▶ [DATA SEGMENT]:

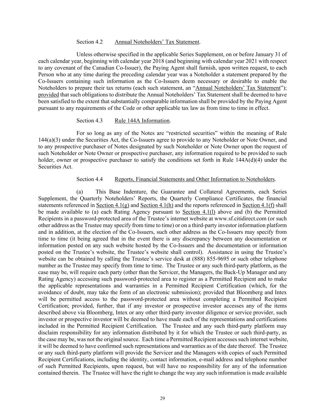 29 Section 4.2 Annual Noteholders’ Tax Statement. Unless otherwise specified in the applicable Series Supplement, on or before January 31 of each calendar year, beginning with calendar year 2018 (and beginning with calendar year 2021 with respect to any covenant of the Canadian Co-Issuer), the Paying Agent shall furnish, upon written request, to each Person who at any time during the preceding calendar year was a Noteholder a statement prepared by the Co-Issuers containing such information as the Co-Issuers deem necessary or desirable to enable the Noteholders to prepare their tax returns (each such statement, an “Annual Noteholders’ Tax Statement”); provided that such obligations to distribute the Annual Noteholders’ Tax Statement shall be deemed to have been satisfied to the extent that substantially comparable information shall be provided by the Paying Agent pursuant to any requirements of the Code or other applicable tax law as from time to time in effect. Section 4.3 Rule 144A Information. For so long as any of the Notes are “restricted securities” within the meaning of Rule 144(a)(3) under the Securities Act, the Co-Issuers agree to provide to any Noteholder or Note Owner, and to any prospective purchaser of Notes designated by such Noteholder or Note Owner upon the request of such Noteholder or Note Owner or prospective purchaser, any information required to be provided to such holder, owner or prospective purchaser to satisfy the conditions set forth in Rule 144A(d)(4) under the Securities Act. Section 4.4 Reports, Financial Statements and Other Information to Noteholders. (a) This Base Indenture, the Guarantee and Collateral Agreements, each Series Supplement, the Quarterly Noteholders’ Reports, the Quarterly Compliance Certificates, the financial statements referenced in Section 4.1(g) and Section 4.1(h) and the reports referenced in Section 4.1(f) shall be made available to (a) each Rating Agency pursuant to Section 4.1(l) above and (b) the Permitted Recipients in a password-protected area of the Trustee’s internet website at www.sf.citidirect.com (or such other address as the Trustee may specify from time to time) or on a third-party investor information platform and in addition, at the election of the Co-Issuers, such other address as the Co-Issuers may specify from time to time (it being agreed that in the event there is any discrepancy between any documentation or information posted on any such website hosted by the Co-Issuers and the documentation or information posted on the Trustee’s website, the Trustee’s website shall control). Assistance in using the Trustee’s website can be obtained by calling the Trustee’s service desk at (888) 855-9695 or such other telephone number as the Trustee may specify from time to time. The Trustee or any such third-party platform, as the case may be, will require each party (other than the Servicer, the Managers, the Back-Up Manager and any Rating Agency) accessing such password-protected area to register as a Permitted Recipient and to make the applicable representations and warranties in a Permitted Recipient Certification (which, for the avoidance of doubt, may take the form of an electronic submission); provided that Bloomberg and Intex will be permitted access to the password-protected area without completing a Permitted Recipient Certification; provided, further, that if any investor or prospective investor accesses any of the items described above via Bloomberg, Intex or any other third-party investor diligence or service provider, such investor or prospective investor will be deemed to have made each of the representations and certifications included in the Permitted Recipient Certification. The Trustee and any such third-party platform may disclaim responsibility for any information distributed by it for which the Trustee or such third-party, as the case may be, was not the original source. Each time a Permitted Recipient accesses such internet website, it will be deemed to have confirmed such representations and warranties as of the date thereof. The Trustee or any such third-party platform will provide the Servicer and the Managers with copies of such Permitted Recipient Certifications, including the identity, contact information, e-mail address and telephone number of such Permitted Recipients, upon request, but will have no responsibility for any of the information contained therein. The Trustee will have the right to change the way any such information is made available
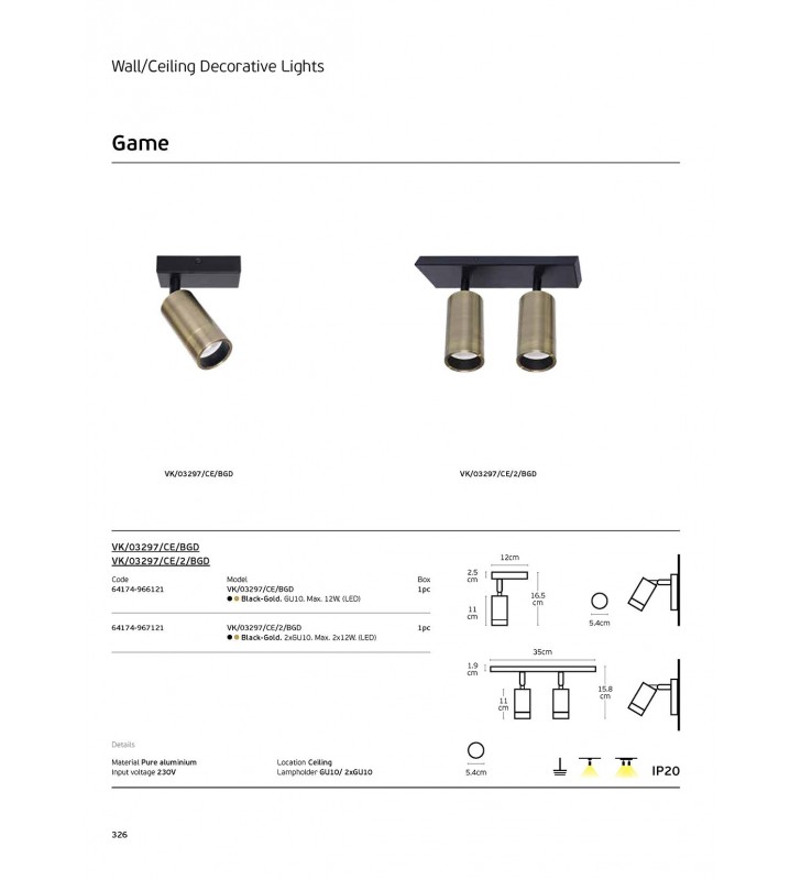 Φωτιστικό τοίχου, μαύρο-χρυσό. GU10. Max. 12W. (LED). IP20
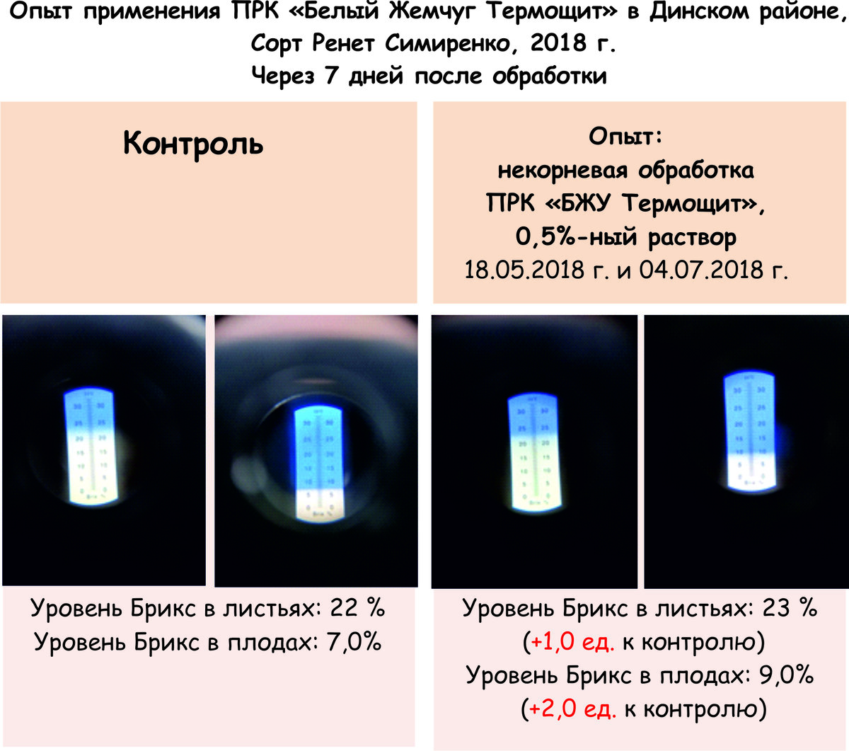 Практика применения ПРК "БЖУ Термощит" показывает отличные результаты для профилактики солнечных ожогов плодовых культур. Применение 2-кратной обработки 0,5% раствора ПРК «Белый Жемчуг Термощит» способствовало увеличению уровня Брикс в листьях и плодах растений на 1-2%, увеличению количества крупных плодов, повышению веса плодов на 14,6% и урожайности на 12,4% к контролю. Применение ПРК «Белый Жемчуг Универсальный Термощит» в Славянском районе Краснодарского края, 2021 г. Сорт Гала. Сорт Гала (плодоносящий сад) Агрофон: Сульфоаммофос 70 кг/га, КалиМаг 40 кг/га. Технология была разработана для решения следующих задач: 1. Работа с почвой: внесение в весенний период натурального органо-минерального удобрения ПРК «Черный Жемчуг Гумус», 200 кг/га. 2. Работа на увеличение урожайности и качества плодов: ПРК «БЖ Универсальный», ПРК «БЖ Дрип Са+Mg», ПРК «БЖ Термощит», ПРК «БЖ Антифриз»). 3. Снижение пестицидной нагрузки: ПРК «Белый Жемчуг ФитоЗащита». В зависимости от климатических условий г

▶ [TASK PROMPT]:
The material above is to be transcribed exactly, with its images omitted.

▶ [SOLUTION TO THIS TASK]:
 29 Section 4.2 Annual Noteholders’ Tax Statement. Unless otherwise specified in the applicable Series Supplement, on or before January 31 of each calendar year, beginning with calendar year 2018 (and beginning with calendar year 2021 with respect to any covenant of the Canadian Co-Issuer), the Paying Agent shall furnish, upon written request, to each Person who at any time during the preceding calendar year was a Noteholder a statement prepared by the Co-Issuers containing such information as the Co-Issuers deem necessary or desirable to enable the Noteholders to prepare their tax returns (each such statement, an “Annual Noteholders’ Tax Statement”); provided that such obligations to distribute the Annual Noteholders’ Tax Statement shall be deemed to have been satisfied to the extent that substantially comparable information shall be provided by the Paying Agent pursuant to any requirements of the Code or other applicable tax law as from time to time in effect. Section 4.3 Rule 144A Information. For so long as any of the Notes are “restricted securities” within the meaning of Rule 144(a)(3) under the Securities Act, the Co-Issuers agree to provide to any Noteholder or Note Owner, and to any prospective purchaser of Notes designated by such Noteholder or Note Owner upon the request of such Noteholder or Note Owner or prospective purchaser, any information required to be provided to such holder, owner or prospective purchaser to satisfy the conditions set forth in Rule 144A(d)(4) under the Securities Act. Section 4.4 Reports, Financial Statements and Other Information to Noteholders. (a) This Base Indenture, the Guarantee and Collateral Agreements, each Series Supplement, the Quarterly Noteholders’ Reports, the Quarterly Compliance Certificates, the financial statements referenced in Section 4.1(g) and Section 4.1(h) and the reports referenced in Section 4.1(f) shall be made available to (a) each Rating Agency pursuant to Section 4.1(l) above and (b) the Permitted Recipients in a password-protected area of the Trustee’s internet website at www.sf.citidirect.com (or such other address as the Trustee may specify from time to time) or on a third-party investor information platform and in addition, at the election of the Co-Issuers, such other address as the Co-Issuers may specify from time to time (it being agreed that in the event there is any discrepancy between any documentation or information posted on any such website hosted by the Co-Issuers and the documentation or information posted on the Trustee’s website, the Trustee’s website shall control). Assistance in using the Trustee’s website can be obtained by calling the Trustee’s service desk at (888) 855-9695 or such other telephone number as the Trustee may specify from time to time. The Trustee or any such third-party platform, as the case may be, will require each party (other than the Servicer, the Managers, the Back-Up Manager and any Rating Agency) accessing such password-protected area to register as a Permitted Recipient and to make the applicable representations and warranties in a Permitted Recipient Certification (which, for the avoidance of doubt, may take the form of an electronic submission); provided that Bloomberg and Intex will be permitted access to the password-protected area without completing a Permitted Recipient Certification; provided, further, that if any investor or prospective investor accesses any of the items described above via Bloomberg, Intex or any other third-party investor diligence or service provider, such investor or prospective investor will be deemed to have made each of the representations and certifications included in the Permitted Recipient Certification. The Trustee and any such third-party platform may disclaim responsibility for any information distributed by it for which the Trustee or such third-party, as the case may be, was not the original source. Each time a Permitted Recipient accesses such internet website, it will be deemed to have confirmed such representations and warranties as of the date thereof. The Trustee or any such third-party platform will provide the Servicer and the Managers with copies of such Permitted Recipient Certifications, including the identity, contact information, e-mail address and telephone number of such Permitted Recipients, upon request, but will have no responsibility for any of the information contained therein. The Trustee will have the right to change the way any such information is made available
 Φωτιστικό τοίχου, μαύρο-χρυσό. GU10. Max. 12W. (LED). IP20
 Практика применения ПРК "БЖУ Термощит" показывает отличные результаты для профилактики солнечных ожогов плодовых культур. Применение 2-кратной обработки 0,5% раствора ПРК «Белый Жемчуг Термощит» способствовало увеличению уровня Брикс в листьях и плодах растений на 1-2%, увеличению количества крупных плодов, повышению веса плодов на 14,6% и урожайности на 12,4% к контролю. Применение ПРК «Белый Жемчуг Универсальный Термощит» в Славянском районе Краснодарского края, 2021 г. Сорт Гала. Сорт Гала (плодоносящий сад) Агрофон: Сульфоаммофос 70 кг/га, КалиМаг 40 кг/га. Технология была разработана для решения следующих задач: 1. Работа с почвой: внесение в весенний период натурального органо-минерального удобрения ПРК «Черный Жемчуг Гумус», 200 кг/га. 2. Работа на увеличение урожайности и качества плодов: ПРК «БЖ Универсальный», ПРК «БЖ Дрип Са+Mg», ПРК «БЖ Термощит», ПРК «БЖ Антифриз»). 3. Снижение пестицидной нагрузки: ПРК «Белый Жемчуг ФитоЗащита». В зависимости от климатических условий г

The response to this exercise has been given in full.